The Problem with Paired Prediction

Paired Prediction (Previous Approach):
  Target = base_model(alt) - base_model(ref)

  Issue: If variant is NOT splice-altering but base model predicts 
         a delta anyway, we're training on wrong labels!

Our Solution: Validated Delta Targets

Validated Delta Prediction:
  If SpliceVarDB says "Splice-altering":
    Target = base_model(alt) - base_model(ref)  # Trust base model

  If SpliceVarDB says "Normal":
    Target = [0, 0, 0]  # Override base model - no effect!
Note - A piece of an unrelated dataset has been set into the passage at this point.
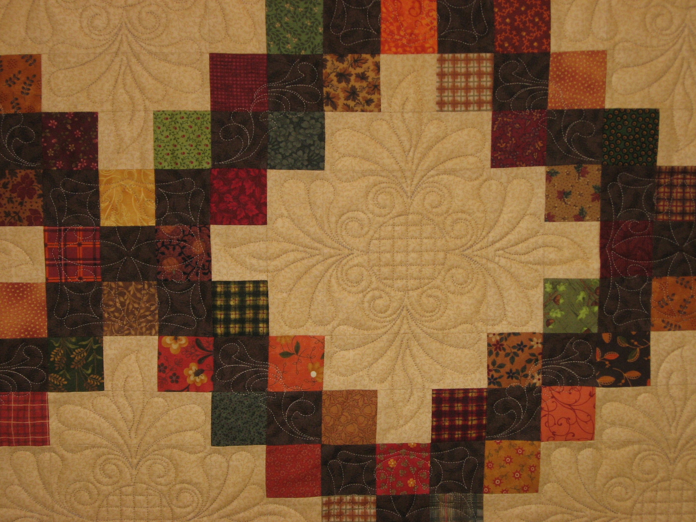 Jackie requested that we create this Double Irish Chain pattern for her own personal quilt. She requested something with cross-hatching, and we were happy to oblige! Our latest block has the appeal of traditional feathers, floral accents for variety, and an eye-catching center cross-hatch, softened with a round shape.

  If SpliceVarDB says "Low-frequency" or "Conflicting":
    SKIP  # Uncertain, don't train on it

Results

Correlation (Splice-altering samples only)

Model Pearson r p-value
Paired (Siamese) 0.38 -
Validated (Single-Pass) 0.41 1.4e-07

Improvement: +8% correlation

Binary Discrimination (SA vs Normal)

Metric Value
ROC-AUC 0.58
PR-AUC 0.62

Detection at Threshold=0.1

Metric Value
SA detected 18.7%
False positives 6.0%

Why It Works Better

  1. Ground truth filtering: SpliceVarDB provides validated labels
  2. No false learning: Doesn't learn from incorrect base model predictions
  3. Cleaner signal: Normal variants always have zero delta target
  4. Single-pass efficiency: No reference sequence needed at inference

Architecture

                    ValidatedDeltaPredictor
┌─────────────────────────────────────────────────────────────────┐
│                                                                 │
│  alt_seq [B, 4, 501] ──→ [Gated CNN (6 layers)] ──→ [B, 128]   │
│                                                      │          │
│  ref_base [B, 4] ──┬──→ [MLP Embed] ──→ [B, 128]    │          │
│  alt_base [B, 4] ──┘                       │         │          │
│                                            └────┬────┘          │
│                                                 │               │
│                                         concat [B, 256]         │
│                                                 │               │
│                                         [Delta Head]            │
│                                                 │               │
│                                          Δ [B, 3]               │
│                                                                 │
└─────────────────────────────────────────────────────────────────┘

Training Configuration

# Data
samples = 2000 (balanced: 1000 SA, 1000 Normal)
context_size = 501 nt
test_chromosomes = ['21', '22']

# Model
hidden_dim = 128
n_layers = 6
dropout = 0.1
parameters = 3,011,843

# Training
epochs = 40
batch_size = 32
optimizer = AdamW(lr=5e-5, weight_decay=0.02)
scheduler = OneCycleLR(max_lr=5e-4)

Comparison Summary

Aspect Paired Prediction Validated Prediction
Input ref_seq + alt_seq alt_seq + var_info
Target source Base model (may be wrong) SpliceVarDB-validated
Forward passes 2 1
Correlation r=0.38 r=0.41
Inference speed Slower (2 passes) Faster (1 pass)

Recommendations

  1. Use validated targets for any delta prediction task
  2. Increase training data: 2000 samples is limited
  3. Try longer context: 501nt → 1001nt
  4. Add position attention for interpretability
  5. Scale with HyenaDNA on GPU

Files

File Description
models/validated_delta_predictor.py Model implementation
methods/VALIDATED_DELTA_PREDICTION.md Design rationale

This approach is now the recommended method for delta prediction.